THE DATA below:

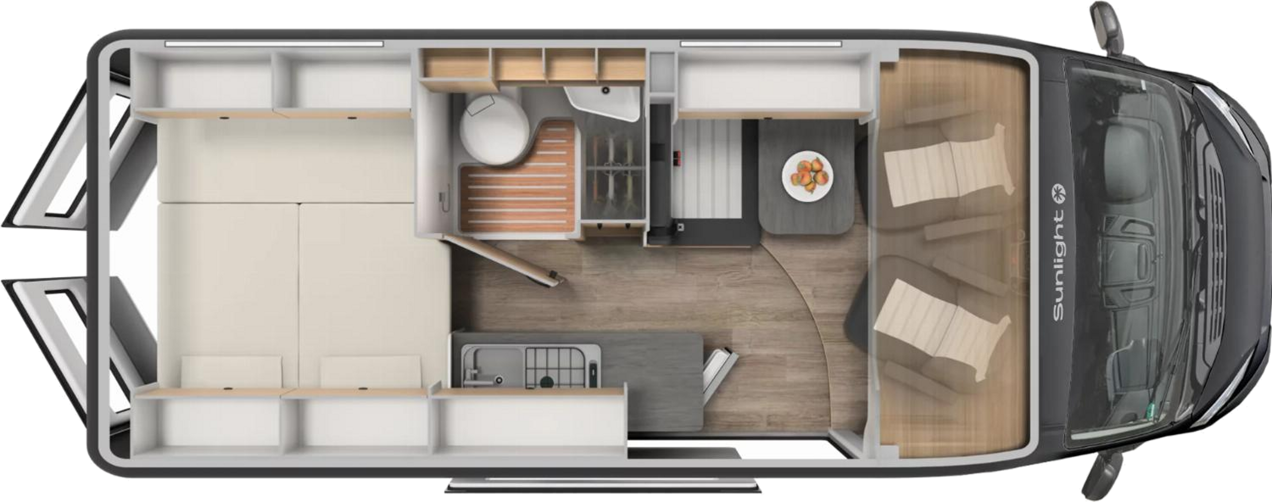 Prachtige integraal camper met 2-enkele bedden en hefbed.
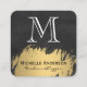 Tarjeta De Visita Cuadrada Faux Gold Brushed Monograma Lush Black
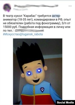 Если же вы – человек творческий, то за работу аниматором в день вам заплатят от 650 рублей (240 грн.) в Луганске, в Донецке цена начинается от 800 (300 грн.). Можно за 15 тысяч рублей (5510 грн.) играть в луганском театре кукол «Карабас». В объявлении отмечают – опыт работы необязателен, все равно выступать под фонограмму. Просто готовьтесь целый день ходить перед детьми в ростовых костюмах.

End of THE DATA.

* [TASK STATEMENT]
Find the line containing "Tarjeta De Visita" in the listing above. Please restate word for word that line through the last one, leaving out the pictures.

* [RESULT OF THE TASK]
 Tarjeta De Visita Cuadrada Faux Gold Brushed Monograma Lush Black
 Если же вы – человек творческий, то за работу аниматором в день вам заплатят от 650 рублей (240 грн.) в Луганске, в Донецке цена начинается от 800 (300 грн.). Можно за 15 тысяч рублей (5510 грн.) играть в луганском театре кукол «Карабас». В объявлении отмечают – опыт работы необязателен, все равно выступать под фонограмму. Просто готовьтесь целый день ходить перед детьми в ростовых костюмах.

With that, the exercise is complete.